PDF(Pubmed)
Abstract:
Cell fate determination is a necessary and tightly regulated process for producing different cell types and structures during development. Cranial neural crest cells (CNCCs) are unique to vertebrate embryos and emerge from the neural plate borders into multiple cell lineages that differentiate into bone, cartilage, neurons and glial cells. We have previously reported that Irf6 genetically interacts with Twist1 during CNCC-derived tissue formation. Here, we have investigated the mechanistic role of Twist1 and Irf6 at early stages of craniofacial development.
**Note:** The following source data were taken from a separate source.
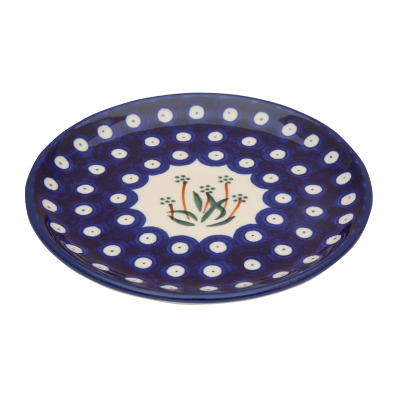 Boleslawiec pottery - handpainted. Classic pattern with plant motifs. Border in navy blue.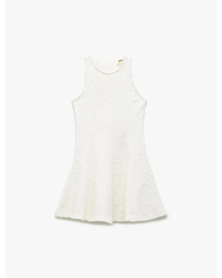 Красивое платье, горловина и правда широкая. На рост 107см размер 110 в самый раз , чуть запас есть по рукавам. Не маломерит.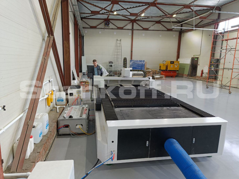 При проведении пусконаладочных работ лазерный станок был установлен в рабочей зоне и выставлен по уровню. После регулировки положения элементов координатной системы, были собраны компоненты кабельной сети, системы охлаждений и аспирации. Осуществлена разводка кабельных линий по исполнительным элементам и системам управления. Оптоволоконный лазер был подключен к сетям, была произведена отладка программного обеспечения, настройка оптического тракта, были подобраны параметры резки под задачи клиента. С персоналом заказчика был проведен инструктаж по работе на станке и по его техническому обслуживанию.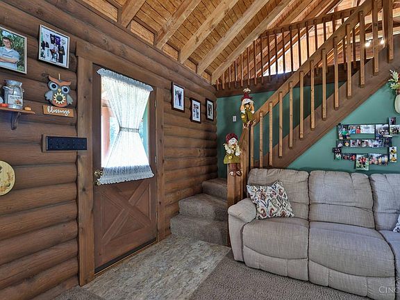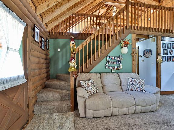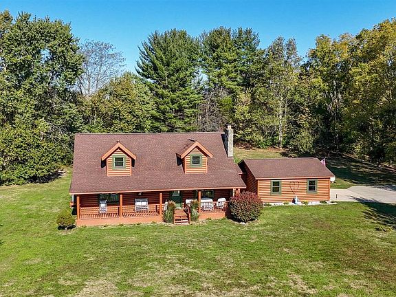 Well maintained 3 bedroom 2.5 bath log cabin on 2.679 acre lot with 1786 total sq ft. featuring eat-in kitchen with breakfast room & walkout to large covered deck area. Large great room with stone gas fireplace, large loft area with full bathroom perfect for 3rd bedroom with hardwood floors under carpet. 2 car oversized side garage. Above ground pool in backyard. Property backs up to Miami park area, with acess to the 8 mile trail from backyard. Additional 0.689 lot available to purchase for additional cost, call for more info. Original owners!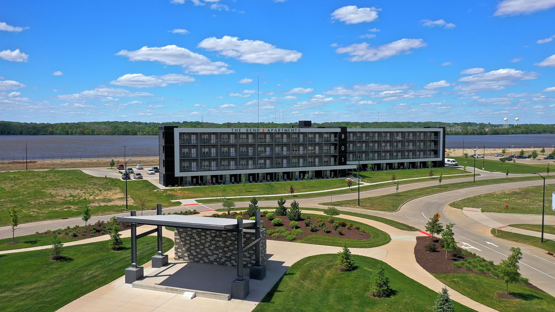 The Bend Apartments is luxury apartment complex located in East Moline, IL. Studio apartments feature a washer and dryer in each unit, luxury vinyl plank floors, quartz countertops, Stainless steel appliances and private balconies overlooking Mississippi River.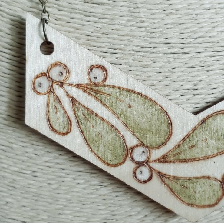 Wooden pendant illustrated with mistletoe using pyrography (wood burning).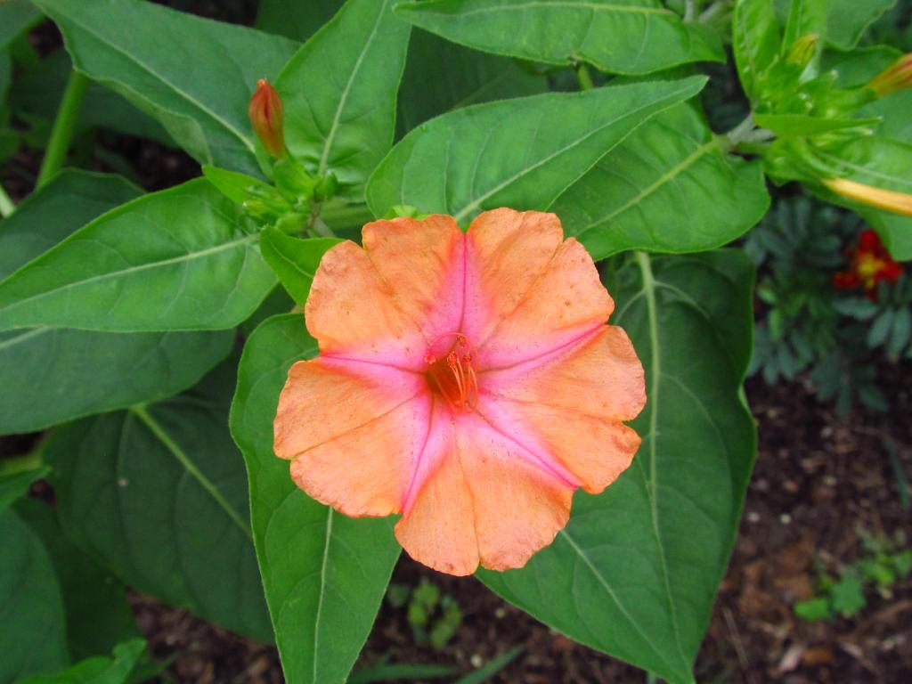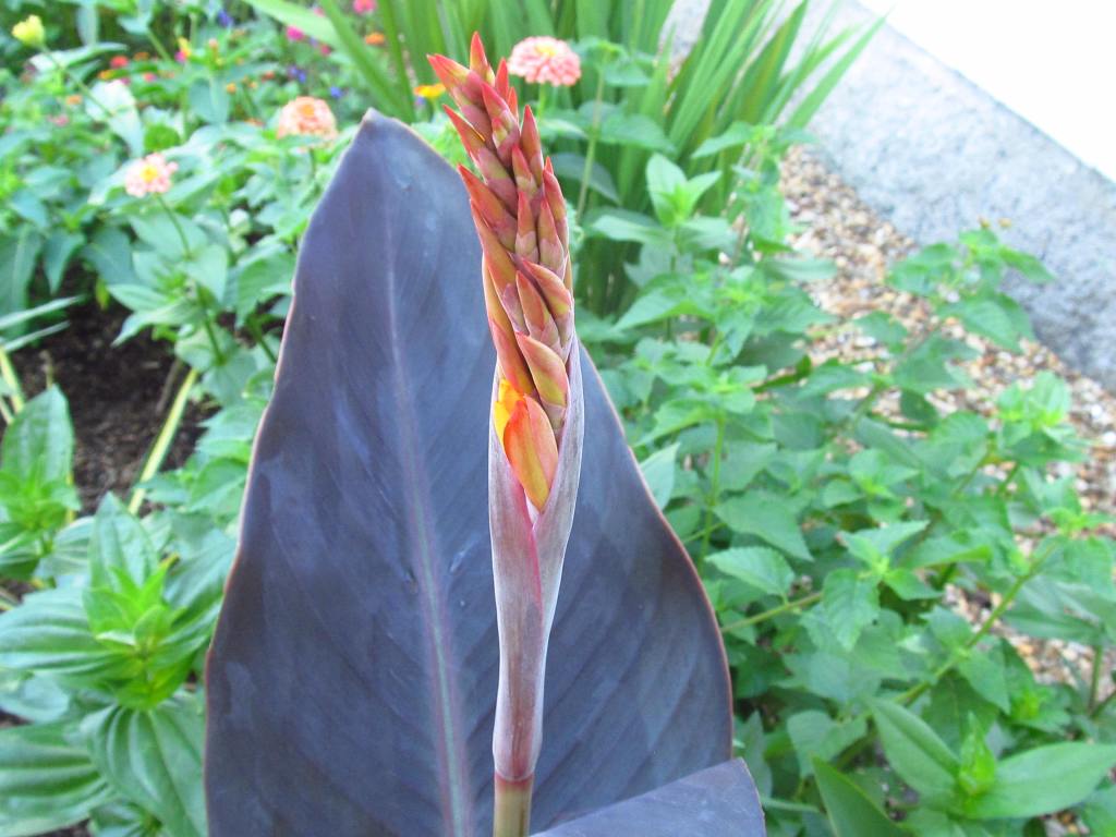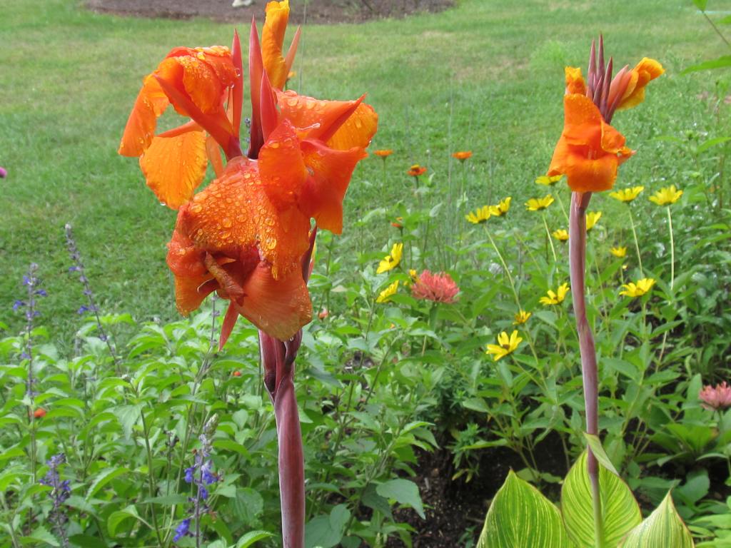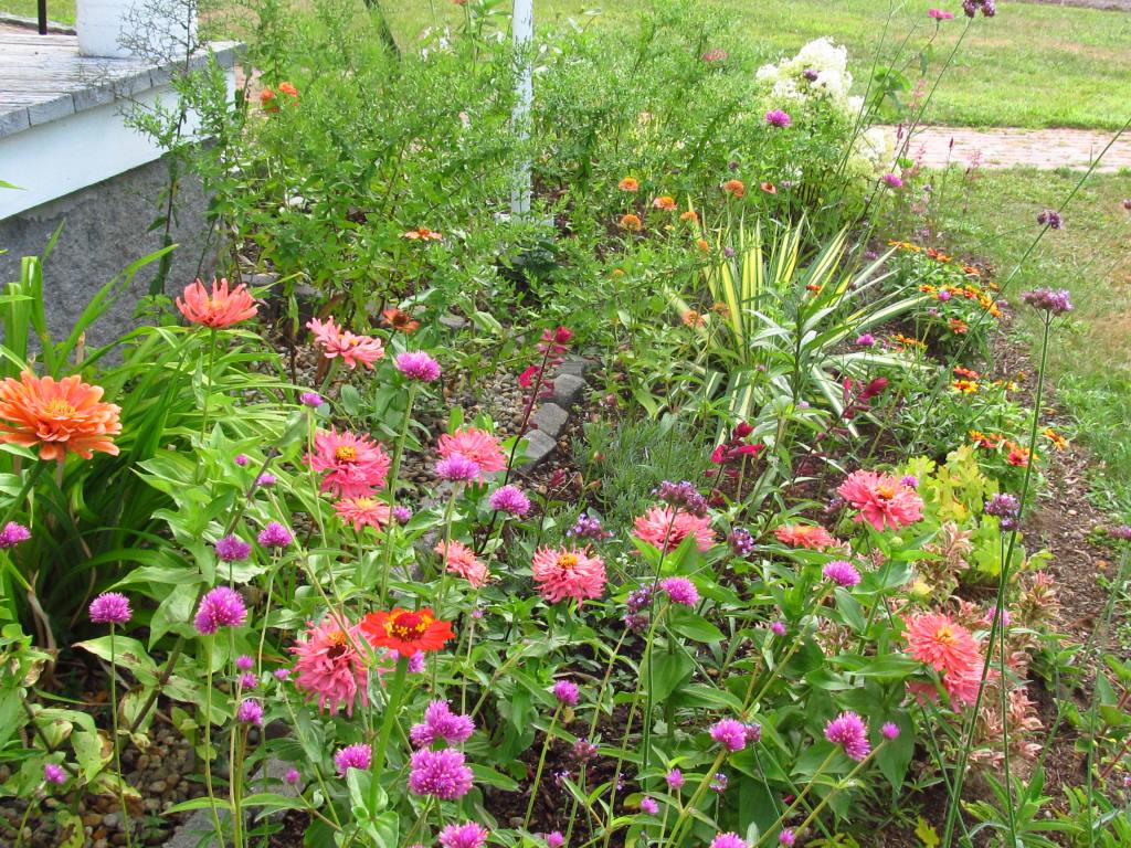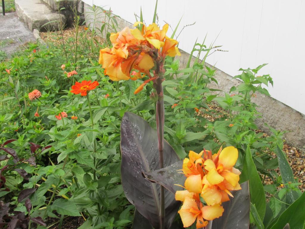 The bonfire colors of French marigolds, and below the African marigold “Crackerjack”. The small French marigolds bloom early and all summer, but the seed raised Africans start blooming so late that next season I will start them under lights.

Our data indicate that TWIST1 is expressed in endocytic vesicles at the apical surface and interacts with β/δ-catenins during neural tube closure, and Irf6 is involved in defining neural fold borders by restricting AP2α expression. Twist1 suppresses Irf6 and other epithelial genes in CNCCs during the epithelial-to-mesenchymal transition (EMT) process and cell migration. Conversely, a loss of Twist1 leads to a sustained expression of epithelial and cell adhesion markers in migratory CNCCs. Disruption of TWIST1 phosphorylation in vivo leads to epidermal blebbing, edema, neural tube defects and CNCC-derived structural abnormalities. Altogether, this study describes a previously uncharacterized function of mammalian Twist1 and Irf6 in the neural tube and CNCCs, and provides new target genes for Twist1 that are involved in cytoskeletal remodeling.
摘要:
细胞命运决定是在发育过程中产生不同细胞类型和结构的必要且严格调节的过程。颅骨神经c细胞(CNCC)是脊椎动物胚胎所特有的,并从神经板边界出现为分化为骨骼的多个细胞谱系,软骨,神经元和神经胶质细胞。我们以前报道过Irf6在CNCC来源的组织形成过程中与Twist1发生遗传相互作用。这里,我们研究了Twist1和Irf6在颅面发育早期的机制作用.我们的数据表明,TWIST1在顶端表面的内吞囊泡中表达,并在神经管闭合期间与β/δ-catenins相互作用,和Irf6通过限制AP2α表达参与定义神经折叠边界。Twist1在上皮间质转化(EMT)过程和细胞迁移期间抑制CNCC中的Irf6和其他上皮基因。相反,Twist1的缺失导致迁移CNCC中上皮细胞和细胞粘附标志物的持续表达。体内TWIST1磷酸化的破坏导致表皮起泡,水肿,神经管缺陷和CNCC衍生的结构异常。总之,这项研究描述了哺乳动物Twist1和Irf6在神经管和CNCC中的先前未表征的功能,并为Twist1提供了参与细胞骨架重塑的新靶基因。